You mismanage your budgets, you waste billions on incredibly stupid live-service trends, you fire thousands of actual human developers, and then you act as if Artificial Intelligence is a magical wand that will instantly fix your profit margins.
During the exact same earnings call where they admitted to setting nearly a billion dollars on fire, Sony executives started aggressively pushing Generative AI to distract the room. They proudly stood on stage and showed off an internal tool called "Mockingbird" that auto-generates facial animations. They bragged about automating quality assurance and using algorithms to replace 3D modelling workloads. They even announced a collaborative pilot programme with Bandai Namco to mass-produce AI-generated video production.
They fired the incredibly talented humans who actually built the PlayStation legacy because their Californian executives blew the budget on stupid trends. Now, they are trying to cover up their gross financial incompetence by promising Wall Street they can pump out the exact same safe, sanitised blockbuster slop using an algorithm.
✅ The Verdict
I get it. The executives probably do not even believe AI will actually save them. Spouting off buzzwords about machine learning is just a cheap trick to inflate the stock price and reassure their dumbass investors before the quarterly bell rings.
Totoki and Hideaki Nishino are currently doing the dirty work of cleaning up the absolute mess Jim Ryan and the San Mateo crew left behind. They are finally reigning in Bungie and killing off the live-service pipeline. We absolutely cannot let the Japanese parent company off the hook for this disaster.
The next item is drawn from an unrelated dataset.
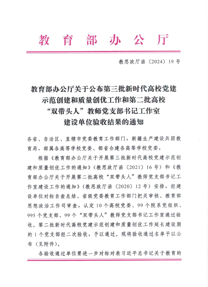 (通讯员:宇锐)近日,教育部办公厅公布了全国第三批新时代高公司党建示范创建和质量创优工作建设单位验收通过名单。公司员工第一党支部通过“全国党建工作样板支部”创建验收。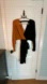 Elegant two-toned ribbed knit dress. Beautiful blend of black and brown colors— perfect dress for the holidays!Tie around the elastic waist for an added touch of elegance.

The old Sony bosses actively allowed the Californian corporate suits to take over a Japanese gaming icon. They willingly handed over the keys, let Jim Ryan kill Japan Studio, allowed them to enforce stupid Western censorship rules, and watched silently as the American branch burned their diverse ecosystem to the ground to chase a $3.6 billion live-service fantasy.
That catastrophic lack of oversight is entirely on Sony. They let the Western branch toxify their own brand, and they deserve every single bit of this financial nightmare coming back to haunt them today.